══ Provided entries ══
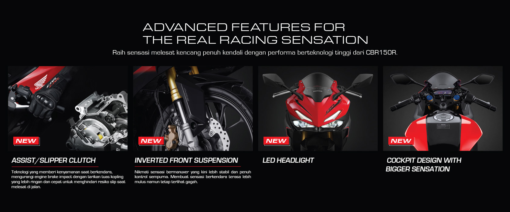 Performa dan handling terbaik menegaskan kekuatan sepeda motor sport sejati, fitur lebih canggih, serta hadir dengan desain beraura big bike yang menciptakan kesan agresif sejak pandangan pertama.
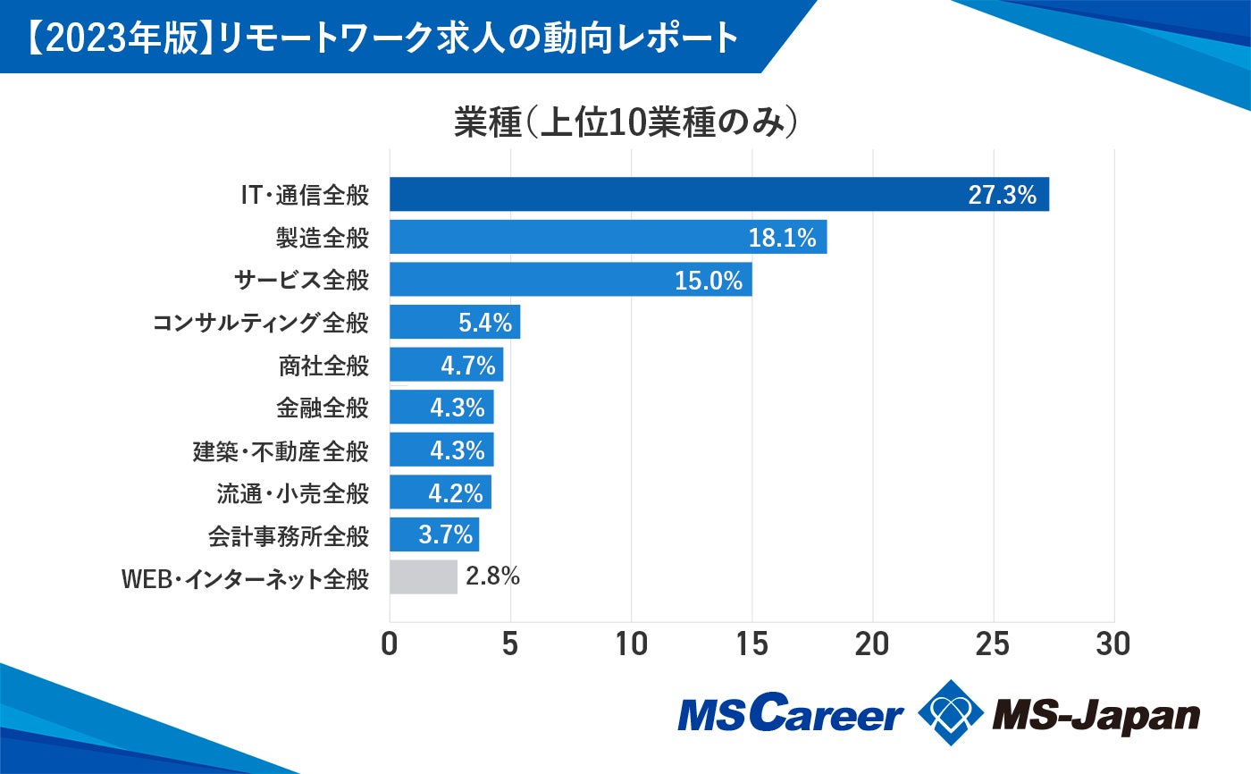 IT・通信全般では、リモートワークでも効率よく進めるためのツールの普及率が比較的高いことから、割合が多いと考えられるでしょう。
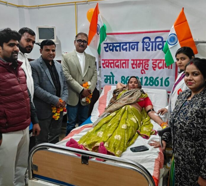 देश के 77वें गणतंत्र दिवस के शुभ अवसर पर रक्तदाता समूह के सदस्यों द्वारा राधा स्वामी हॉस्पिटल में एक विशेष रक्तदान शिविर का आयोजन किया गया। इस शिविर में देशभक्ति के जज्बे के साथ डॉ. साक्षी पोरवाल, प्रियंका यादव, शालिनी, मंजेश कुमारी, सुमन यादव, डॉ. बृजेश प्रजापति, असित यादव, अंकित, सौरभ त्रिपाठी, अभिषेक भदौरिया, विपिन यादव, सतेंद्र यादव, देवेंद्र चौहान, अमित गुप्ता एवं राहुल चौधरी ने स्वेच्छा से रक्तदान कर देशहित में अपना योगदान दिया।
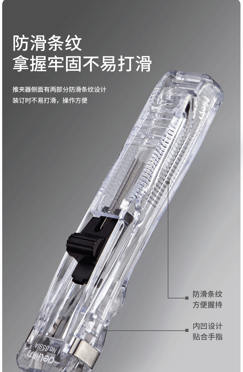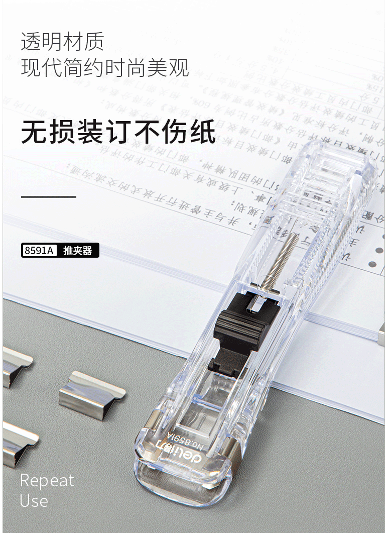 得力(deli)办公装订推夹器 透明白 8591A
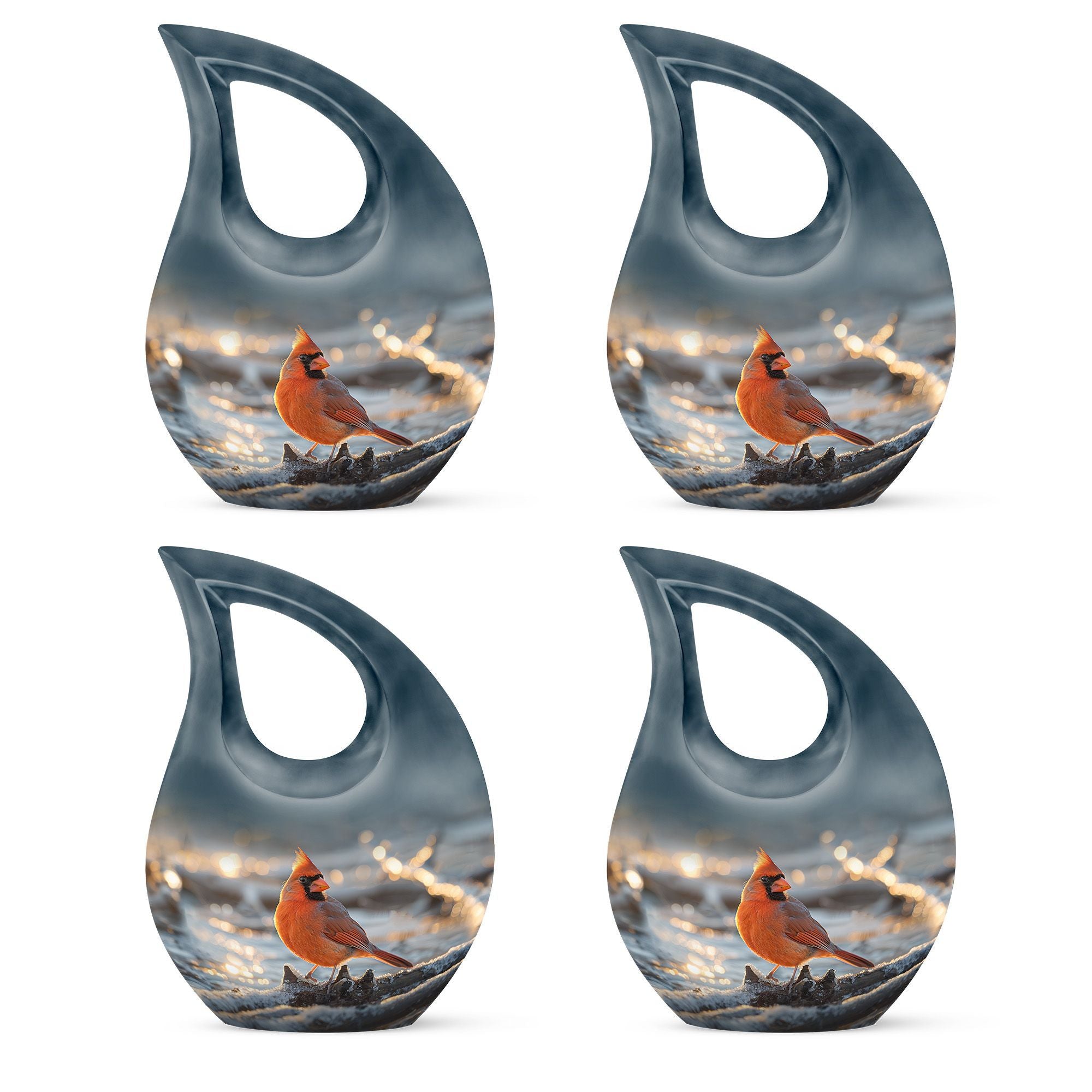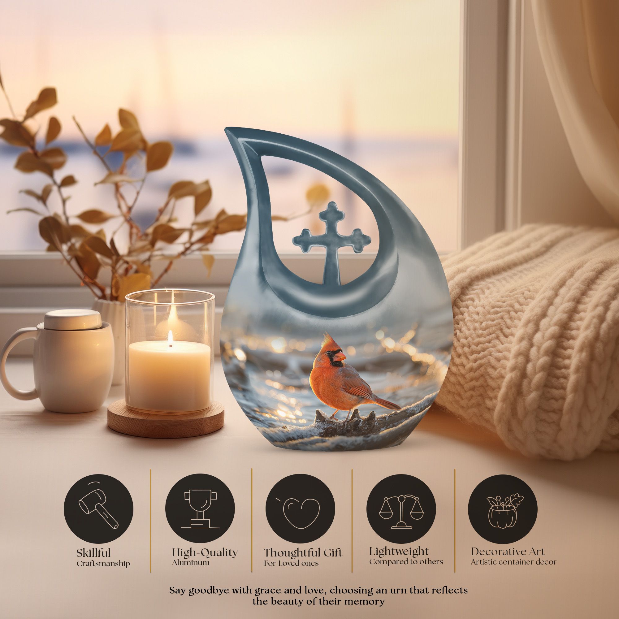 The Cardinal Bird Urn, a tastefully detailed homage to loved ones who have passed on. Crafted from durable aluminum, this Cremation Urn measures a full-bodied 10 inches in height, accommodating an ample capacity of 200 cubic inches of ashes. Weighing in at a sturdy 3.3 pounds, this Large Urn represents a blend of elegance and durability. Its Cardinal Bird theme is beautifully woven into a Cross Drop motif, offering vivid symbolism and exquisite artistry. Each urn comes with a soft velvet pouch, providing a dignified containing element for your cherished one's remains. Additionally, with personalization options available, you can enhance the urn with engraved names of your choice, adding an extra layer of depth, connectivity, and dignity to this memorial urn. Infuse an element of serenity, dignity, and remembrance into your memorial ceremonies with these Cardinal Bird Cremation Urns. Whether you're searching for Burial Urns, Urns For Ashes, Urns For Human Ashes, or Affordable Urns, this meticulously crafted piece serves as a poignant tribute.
═══
### Problem description
A verbatim copy of every record is required, with all pictures excluded.

### Task response
 Performa dan handling terbaik menegaskan kekuatan sepeda motor sport sejati, fitur lebih canggih, serta hadir dengan desain beraura big bike yang menciptakan kesan agresif sejak pandangan pertama.
 IT・通信全般では、リモートワークでも効率よく進めるためのツールの普及率が比較的高いことから、割合が多いと考えられるでしょう。
 देश के 77वें गणतंत्र दिवस के शुभ अवसर पर रक्तदाता समूह के सदस्यों द्वारा राधा स्वामी हॉस्पिटल में एक विशेष रक्तदान शिविर का आयोजन किया गया। इस शिविर में देशभक्ति के जज्बे के साथ डॉ. साक्षी पोरवाल, प्रियंका यादव, शालिनी, मंजेश कुमारी, सुमन यादव, डॉ. बृजेश प्रजापति, असित यादव, अंकित, सौरभ त्रिपाठी, अभिषेक भदौरिया, विपिन यादव, सतेंद्र यादव, देवेंद्र चौहान, अमित गुप्ता एवं राहुल चौधरी ने स्वेच्छा से रक्तदान कर देशहित में अपना योगदान दिया।
 得力(deli)办公装订推夹器 透明白 8591A
 The Cardinal Bird Urn, a tastefully detailed homage to loved ones who have passed on. Crafted from durable aluminum, this Cremation Urn measures a full-bodied 10 inches in height, accommodating an ample capacity of 200 cubic inches of ashes. Weighing in at a sturdy 3.3 pounds, this Large Urn represents a blend of elegance and durability. Its Cardinal Bird theme is beautifully woven into a Cross Drop motif, offering vivid symbolism and exquisite artistry. Each urn comes with a soft velvet pouch, providing a dignified containing element for your cherished one's remains. Additionally, with personalization options available, you can enhance the urn with engraved names of your choice, adding an extra layer of depth, connectivity, and dignity to this memorial urn. Infuse an element of serenity, dignity, and remembrance into your memorial ceremonies with these Cardinal Bird Cremation Urns. Whether you're searching for Burial Urns, Urns For Ashes, Urns For Human Ashes, or Affordable Urns, this meticulously crafted piece serves as a poignant tribute.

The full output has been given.